Alih-alih dilindungi, transpuan -atau lebih dikenal sebagai waria- oleh Kemensos malah dikategorikan sebagai PMKS atau Penyandang Masalah Kesejahteraan Sosial. Sehingga sudah menjadi rahasia umum bahwa keterbatasan (baca: pembatasan) lapangan kerja adalah masalah besar yang dialami transpuan yang mayoritas berpendidikan rendah. Termasuk masalah ketiadaan kartu identitas karena para transpuan banyak yang ‘lari’ atau diusir dari tempat kelahirannya ketika ekspresi gendernya tidak bisa diterima masyarakat. Saat ini, Kemendagri melalui Disdukcapil telah memulai pembuatan KTP elektronik bagi transpuan, meski implementasinya baru di beberapa daerah. Harapannya, dengan adanya kartu identitas, transpuan dapat mengakses kesehatan, pendidikan, jaminan sosial dan hak-hak dasar lainnya sebagai warga negara.
Seperti pengalaman tak mengenakkan yang dialami Manda, transpuan yang aktif sebagai paralegal di Lembaga Bantuan Hukum Semarang. Saat itu dia melamar pekerjaan dengan nama preferensi, tapi ia dinyatakan maladministrasi. Dari pendidikan, Manda cukup beruntung dibanding transpuan lain. Ia bisa lulus menjadi sarjana psikologi. Sementara transpuan lain kebanyakan tak bersekolah dan hanya menjadi pekerja seks atau pekerja sektor non formal.
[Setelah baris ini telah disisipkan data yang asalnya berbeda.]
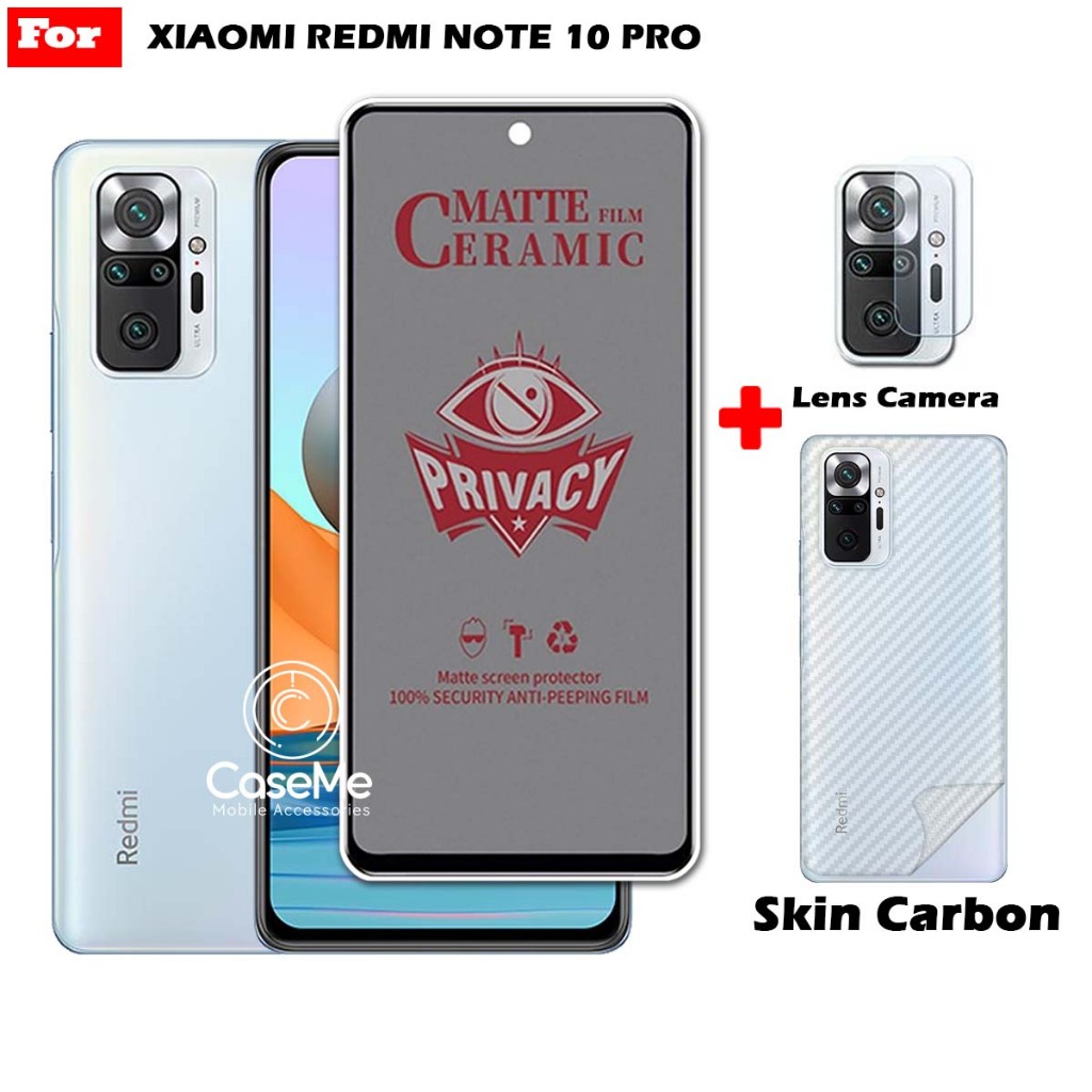 Paket 3in1 Anti Gores Layar Privacy Xiaomi Redmi Note 10 10 5G 10 Pro 10S Free Tempered Glass Camera dan Skin Carbon

Manda menilai pemerintah belum memenuhi hak-hak pekerja transpuan karena praktek di lapangan, masih banyak regulasi diskriminatif dan berpotensi mengriminalisasi kelompok identitas gender dan minoritas seksual. Dampaknya, para transpuan masih banyak yang hidup di jalan sebagai pengamen, pekerja seks, dan pekerja salon.